What the exercise asks: Please print the entries below exactly, from the line with "These easy to" through the line with "วันที่ 17 ต.ค.65", including both of those lines and leaving out all others.

Data provided:
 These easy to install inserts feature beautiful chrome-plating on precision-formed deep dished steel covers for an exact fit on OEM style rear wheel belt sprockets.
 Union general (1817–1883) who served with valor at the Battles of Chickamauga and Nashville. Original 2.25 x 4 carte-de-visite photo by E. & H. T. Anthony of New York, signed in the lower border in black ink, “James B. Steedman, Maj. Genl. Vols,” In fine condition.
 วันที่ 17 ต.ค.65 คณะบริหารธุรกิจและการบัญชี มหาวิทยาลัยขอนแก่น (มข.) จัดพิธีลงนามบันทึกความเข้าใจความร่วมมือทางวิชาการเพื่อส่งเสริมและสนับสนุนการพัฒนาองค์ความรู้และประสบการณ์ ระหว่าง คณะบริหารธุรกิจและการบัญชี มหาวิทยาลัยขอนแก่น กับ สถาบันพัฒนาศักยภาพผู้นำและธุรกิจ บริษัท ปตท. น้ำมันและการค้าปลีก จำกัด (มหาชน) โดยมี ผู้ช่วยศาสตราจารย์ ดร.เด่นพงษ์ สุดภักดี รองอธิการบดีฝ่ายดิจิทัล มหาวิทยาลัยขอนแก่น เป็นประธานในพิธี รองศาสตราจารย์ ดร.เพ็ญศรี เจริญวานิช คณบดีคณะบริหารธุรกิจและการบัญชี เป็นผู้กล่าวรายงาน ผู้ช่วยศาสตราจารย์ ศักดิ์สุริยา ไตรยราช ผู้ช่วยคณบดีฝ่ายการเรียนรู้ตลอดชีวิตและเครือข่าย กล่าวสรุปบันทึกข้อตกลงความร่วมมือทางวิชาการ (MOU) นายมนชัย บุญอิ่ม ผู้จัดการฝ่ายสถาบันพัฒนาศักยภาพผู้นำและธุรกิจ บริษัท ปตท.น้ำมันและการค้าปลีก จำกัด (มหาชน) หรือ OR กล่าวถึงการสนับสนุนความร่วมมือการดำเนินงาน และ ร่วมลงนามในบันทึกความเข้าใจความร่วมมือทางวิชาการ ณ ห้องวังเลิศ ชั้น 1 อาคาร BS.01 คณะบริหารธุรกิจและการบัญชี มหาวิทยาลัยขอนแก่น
==
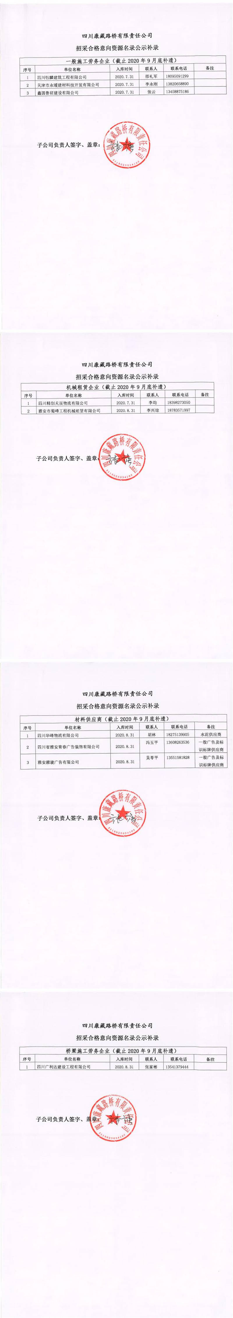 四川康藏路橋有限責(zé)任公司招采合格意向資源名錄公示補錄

Answer space:
 These easy to install inserts feature beautiful chrome-plating on precision-formed deep dished steel covers for an exact fit on OEM style rear wheel belt sprockets.
 Union general (1817–1883) who served with valor at the Battles of Chickamauga and Nashville. Original 2.25 x 4 carte-de-visite photo by E. & H. T. Anthony of New York, signed in the lower border in black ink, “James B. Steedman, Maj. Genl. Vols,” In fine condition.
 วันที่ 17 ต.ค.65 คณะบริหารธุรกิจและการบัญชี มหาวิทยาลัยขอนแก่น (มข.) จัดพิธีลงนามบันทึกความเข้าใจความร่วมมือทางวิชาการเพื่อส่งเสริมและสนับสนุนการพัฒนาองค์ความรู้และประสบการณ์ ระหว่าง คณะบริหารธุรกิจและการบัญชี มหาวิทยาลัยขอนแก่น กับ สถาบันพัฒนาศักยภาพผู้นำและธุรกิจ บริษัท ปตท. น้ำมันและการค้าปลีก จำกัด (มหาชน) โดยมี ผู้ช่วยศาสตราจารย์ ดร.เด่นพงษ์ สุดภักดี รองอธิการบดีฝ่ายดิจิทัล มหาวิทยาลัยขอนแก่น เป็นประธานในพิธี รองศาสตราจารย์ ดร.เพ็ญศรี เจริญวานิช คณบดีคณะบริหารธุรกิจและการบัญชี เป็นผู้กล่าวรายงาน ผู้ช่วยศาสตราจารย์ ศักดิ์สุริยา ไตรยราช ผู้ช่วยคณบดีฝ่ายการเรียนรู้ตลอดชีวิตและเครือข่าย กล่าวสรุปบันทึกข้อตกลงความร่วมมือทางวิชาการ (MOU) นายมนชัย บุญอิ่ม ผู้จัดการฝ่ายสถาบันพัฒนาศักยภาพผู้นำและธุรกิจ บริษัท ปตท.น้ำมันและการค้าปลีก จำกัด (มหาชน) หรือ OR กล่าวถึงการสนับสนุนความร่วมมือการดำเนินงาน และ ร่วมลงนามในบันทึกความเข้าใจความร่วมมือทางวิชาการ ณ ห้องวังเลิศ ชั้น 1 อาคาร BS.01 คณะบริหารธุรกิจและการบัญชี มหาวิทยาลัยขอนแก่น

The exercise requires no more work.